Types of personal loans:
– Secured Personal Loan
A secured personal loan will require you to put up an asset to secure against the loan, usually a vehicle. The lender uses this asset as assurance that they will get their money back if the loan isn’t repaid. A secured personal loan is considered a low risk to the lender, which means they can offer a lower interest rate and usually a higher loan amount.
– Unsecured Personal Loan
An unsecured loan means that you don’t have to put up any assets as security. Unsecured personal loans are usually considered a higher risk to lenders which means the loan amount is usually lower and the interest rates higher. The lenders eligibility criteria are usually stricter but the application process is simpler than a secured loan.
– Debt Consolidation Loan
A debt consolidation loan allows you to combine all of your different loans into one loan. This will make your repayments more manageable rather than having to pay multiple loan accounts. You will also be less likely to make late payments which will keep your credit file healthy.
Fees and costs involved with Personal Loans:
– Application/establishment fee: There may be a once off application or establishment fee if your loan is approved. This is usually added on to the loan.
– Monthly fees: Some lenders have a monthly account keeping fee so always find out if there are any ongoing fees before applying for a loan.
– Early exit fees: Some lenders have an early repayment fee if you decide to pay out your loan early. There also may be added costs for making extra repayments on top of your normal payments.

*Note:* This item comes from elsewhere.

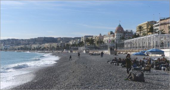 Das Empfangskomitee von Nizza ist für seine Besucher im Februar wie jedes Jahr perfekt aufgestellt. Die Berge und Hügel rund um die Stadt am Mittelmeer schützen vor den Winden wie dem Mistral und sorgen für milde Wintertage um die 10 Grad Celsius. Die Brasserien und Cafe`s stellen Tische und Stühle vor die Tür und sogar auf den steinigen Strand.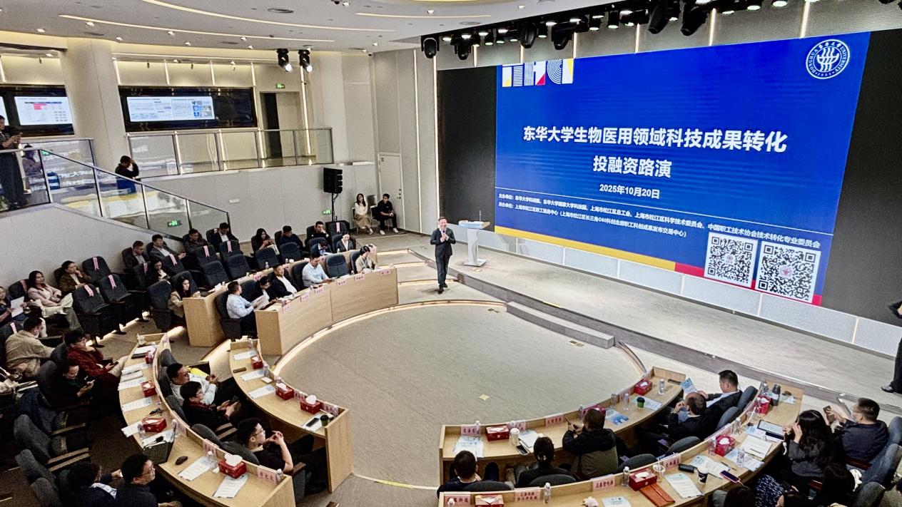10月20日下午,东华大学生物医用领域科技成果转化投融资路演活动在松江区工人文化宫C馆下沉式交易中心举行。本次活动由我校科学技术研究院、国家大学科技园联合松江区总工会、区科委、中国职工技术协会转化专业委员会联合举办。我校生物、纺织、材料等相关学院共11个项目团队代表与会路演交流,邀请生物医药相关企业、投资机构、技术转移机构等13家单位80余位负责人参会交流。

– Interest rates: lenders will give you an interest rate based on your risk. They will take into account residential and employment stability, income, banking conduct and credit history. Individuals that are considered a high risk will be given a higher interest rate.
Related Article: Things to Consider Before Getting a Personal Loan
Where you can get a personal loan:
There are lots of banks, credit unions, online lenders and peer-to-peer lenders out there that offer personal loans. Most lenders these days will allow you to get an estimated rate without impacting on your credit score. Keep in mind, applying for multiple loans will affect your credit file and your chances of being approved so always do your research or see a financial advisor before applying for a loan.